Frog and Toad All Year
- First edition
- Author: Arnold Lobel
- Illustrator: Arnold Lobel
- Series: Frog and Toad
- Subject: Friendship
- Genre: Children's picture book, short story collection
- Publisher: Harper & Row (I Can Read)
- Publication date: August 1, 1976
- Publication place: United States
- Pages: 64 pp.
- ISBN: 9780060239503
- OCLC: 873644795
- LC Class: PZ7.L7795 Fq3
- Preceded by: Frog and Toad Together
- Followed by: Days With Frog and Toad

= Frog and Toad All Year =

1976 children's book by Arnold Lobel

Frog and Toad All Year is an American picture book written and illustrated by Arnold Lobel, published by Harper & Row in 1976. It is the third book in the Frog and Toad series, whose four books completed by Lobel each comprises five easy-to-read short stories.

== Characters ==
The two friends, Frog and Toad, are portrayed by the author with human-like personalities and amphibian appearance. The situations in which they find themselves are a cross between the human and animal worlds. Along with Lobel's other Frog and Toad books, Frog and Toad All Year is valued by experts in children's literature for its portrayal of the value of friendship.

== Summary ==

Friends Frog and Toad, who have quite different personalities, have adventures through the seasons.

=== Down the Hill ===
Frog invites Toad to go sledding with him. While Toad does not want to, he is forced to join against his will. The trip doesn't go as planned after Frog falls off the sled as it goes out of control. Afterwards, Toad opts to continue spending Winter indoors.

=== The Corner ===
One rainy day in Frog's house, Frog recalls how he searched for Spring around various corners when he was very young, but found nothing. He eventually found it around the corner of his house. This prompts him and Toad to do another search around Frog's house after the rain clears.

=== Ice Cream ===
Toad finds himself in a sticky situation when he buys ice cream cones for himself and Frog one hot summer day. The ice cream pours over him, making him look like a monster that scares away nearby animals. He eventually falls into the lake, washing the ice cream. He and Frog buy new cones soon afterwards.

=== The Surprise ===
Frog and Toad secretly sneak out to rake the other's leaves, but an autumn wind gives the two an even bigger surprise.

=== Christmas Eve ===
Toad becomes concerned when Frog is late for their Christmas celebration, and considers some horrific possibilities, such as thinking that Frog either fell into a hole, got lost in the woods, or was attacked and possibly eaten by a coyote. Deciding to help, he finds a rope to get Frog out of the hole, a lantern to help Frog find his way out of the woods, and a frying pan to hit the coyote with to make its teeth fall out.
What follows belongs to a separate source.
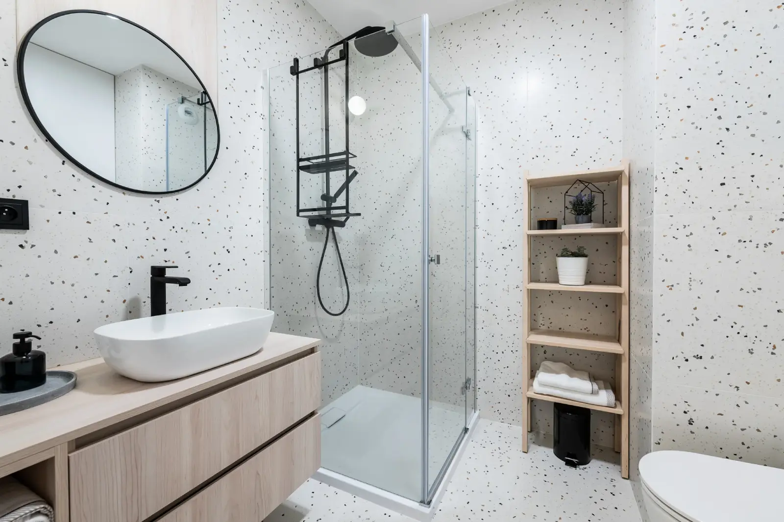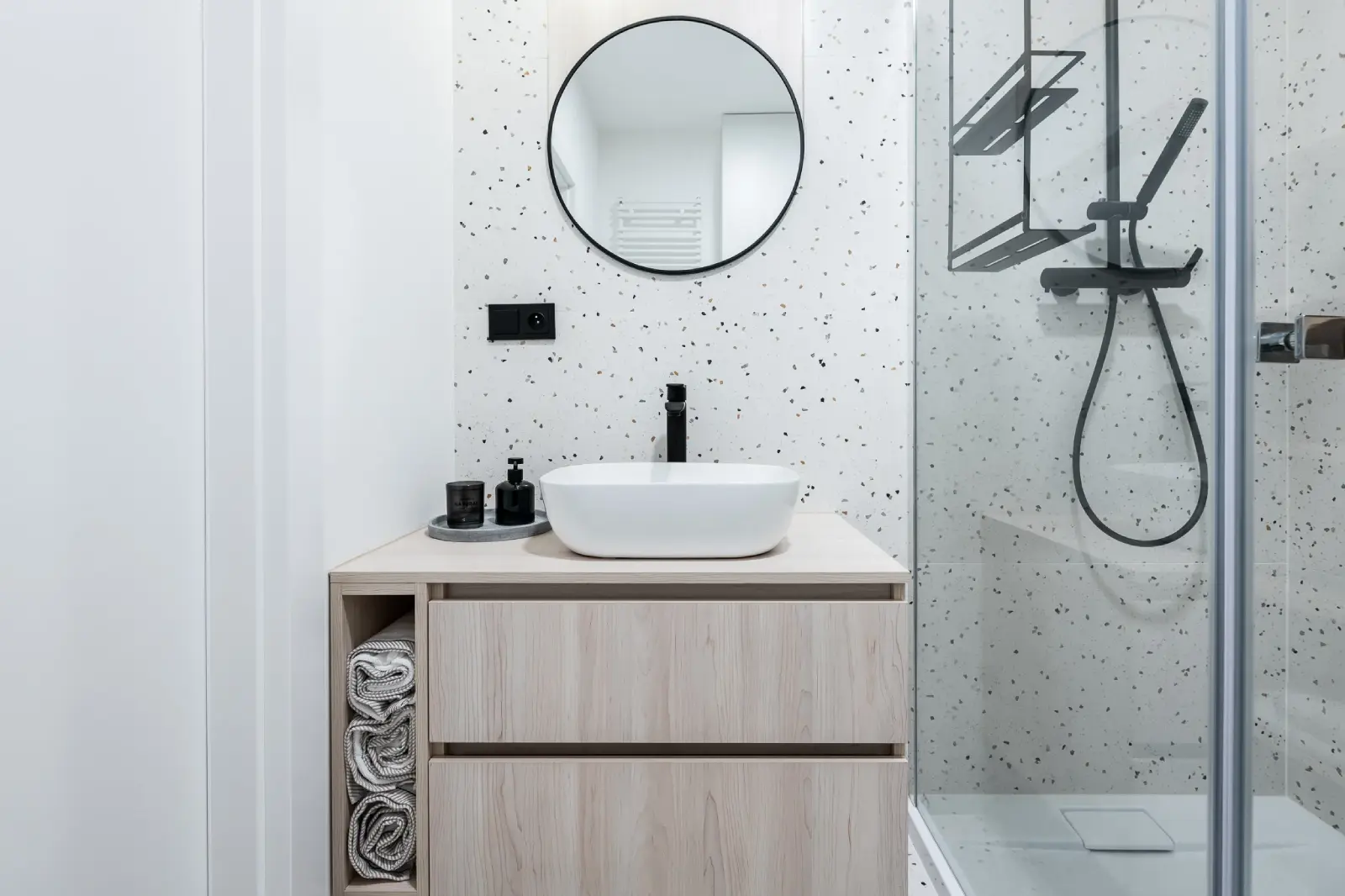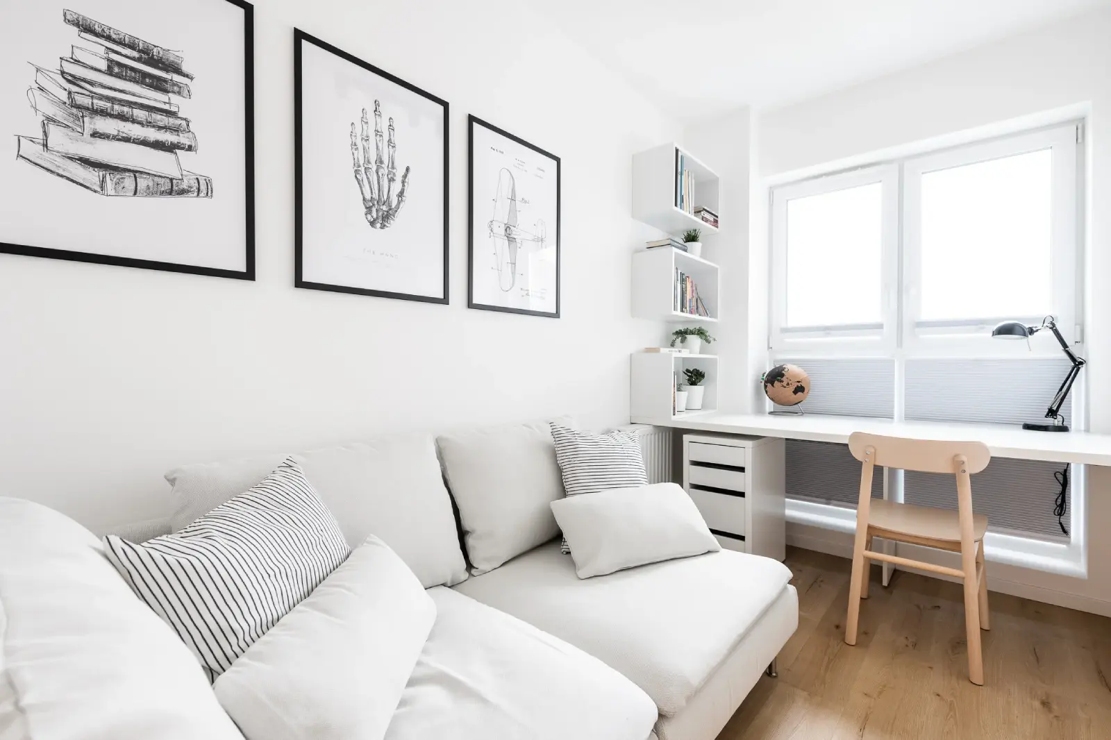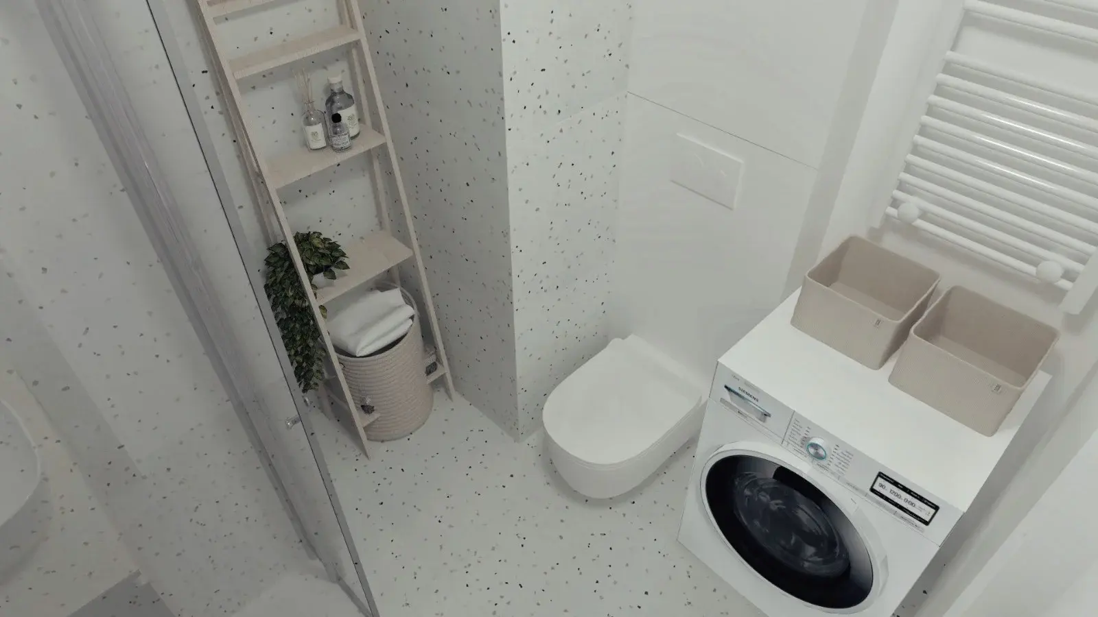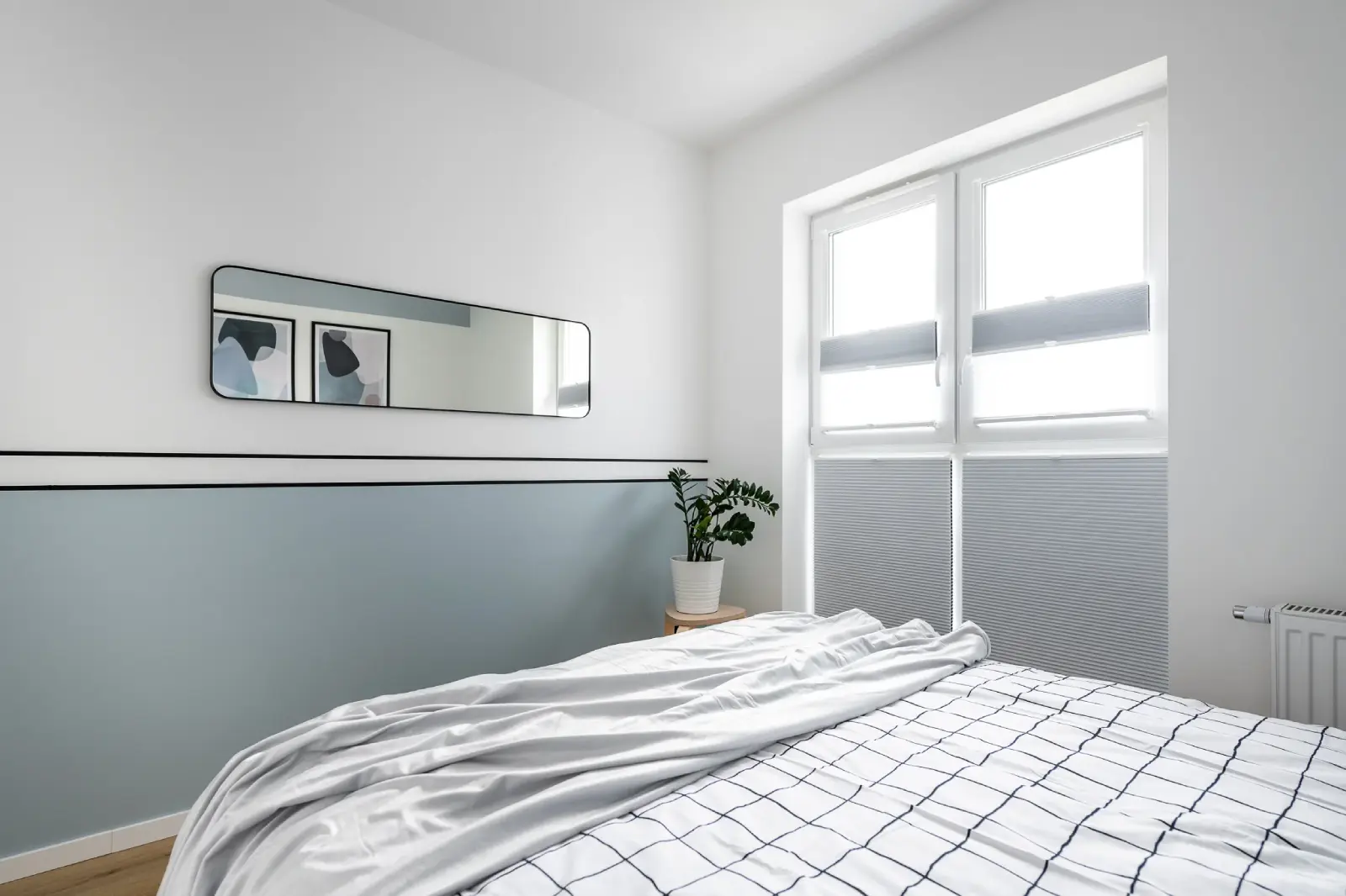 Kompleksowy projekt mieszkania ulokowanego w Katowicach w inwestycji Murapol Nowy Bażantów. Salon z kuchnią, gabinet/pokój gościnny, sypialnia oraz łazienka. Stonowane kolory z drobnymi smaczkami jak choćby płytki lastryko w łazience oraz kuchni.

Once outside, he finds Frog alive and well. It turns out Frog had simply taken some extra time to wrap a Christmas present. Once inside, Toad opens his present, which is a new clock to replace his broken old one. The two then spend the holiday together.

== Adaptations ==
The book has been adapted as a musical, written by Willie and Robert Reale and entitled A Year with Frog and Toad, opened on Broadway, and was also performed by the Second Story Repertory, by Children's Theatre Company in Minneapolis, and by the Chicago Children's Theatre, among others. The stories have also been produced as an audio book.

== Reception ==
Frog and Toad All Year won a Christopher Award in 1977. It is listed in The New York Times Parent's Guide to the Best Books for Children.

Kirkus Reviews wrote: "We miss some of the resonant psychological heft of this pair's previous experiences, but Frog and Toad can still transform the most ordinary seasonal activities into celebrations".